Live From Mayberry
Yesterday’s trip was mostly uneventful save for a bout of carsickness suffered by The Girl. She was courteous enough not to puke in the new car and for that I am most grateful. Also, I will forgive her criticism of my chosen travel music because no child of mine could possibly dis the musical stylings of The Partridge Family, Wild Cherry, and Lynard Skynard unless they were ill.
Anyway, we are well ensconced in Grandparentsville and the spoiling has begun. This morning, The Man-Cub requested, and received, pancakes and eggs over-easy. The Girl is still sleeping and it is well past the time that she should be up. I am drinking a cup of coffee that I didn’t have to make and there is a good possibility that I won’t have to clean out the coffee pot.
Life is so good right now.
Later today, I am meeting one of my college roomies for lunch.
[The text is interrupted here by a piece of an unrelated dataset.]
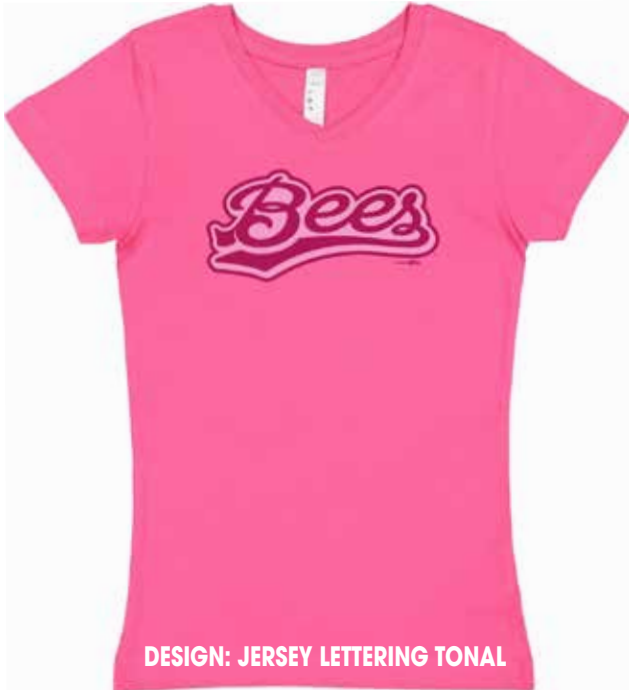
DESIGN: JERSEY LETTERING TONAL

I’ve decided that she needs a name since College Roomie is tiresome to type and because there are five other lovely ladies who can claim the title as well which, could get quite confusing on the rare occasions that we are all together. So, she needs a name and, obviously I can’t use her real name what with all the crazies on the internet and all. So, I suppose the Christian thing to do would be to ask her what she wants me to call her, but, since we all know that the last time I darkened the threshold of a church was ages ago; I’m going to call her Phoebe.
It is my blog after all. Besides, she has always reminded my dad of Phoebe from Friends and she has been known to answer him when he calls her that which means; she totally brought this on herself.
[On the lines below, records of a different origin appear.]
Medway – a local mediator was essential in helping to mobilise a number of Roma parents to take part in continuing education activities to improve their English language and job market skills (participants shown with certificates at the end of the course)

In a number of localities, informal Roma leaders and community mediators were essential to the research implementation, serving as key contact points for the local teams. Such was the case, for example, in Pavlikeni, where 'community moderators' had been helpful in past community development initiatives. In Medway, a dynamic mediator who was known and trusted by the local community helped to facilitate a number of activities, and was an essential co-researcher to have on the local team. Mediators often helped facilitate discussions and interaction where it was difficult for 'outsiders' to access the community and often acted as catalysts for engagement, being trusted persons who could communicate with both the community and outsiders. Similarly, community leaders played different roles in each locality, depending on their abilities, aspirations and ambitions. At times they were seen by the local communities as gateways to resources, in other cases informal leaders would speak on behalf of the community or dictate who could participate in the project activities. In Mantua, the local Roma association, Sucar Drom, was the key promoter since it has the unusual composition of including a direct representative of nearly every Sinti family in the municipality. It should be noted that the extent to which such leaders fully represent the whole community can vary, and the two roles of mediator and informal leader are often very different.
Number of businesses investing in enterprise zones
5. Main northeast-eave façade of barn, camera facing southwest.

After lunch with Phoebe, my mom and I are going antiquing and then, who knows? After all, part of the pleasure of being on an unplanned and unscheduled vacation is not knowing what will happen next.
Speaking of; The Man-Cub just informed me that he accidentally dropped one of his eggs in his lap. He was wearing nothing but his underwear (apparel allowed at the breakfast table by Grandparents, apparently) and he now has “Eggs on his junk. Eggs on his junk, Mom! What is he supposed to do now?!”
Like I said, life is so good right now.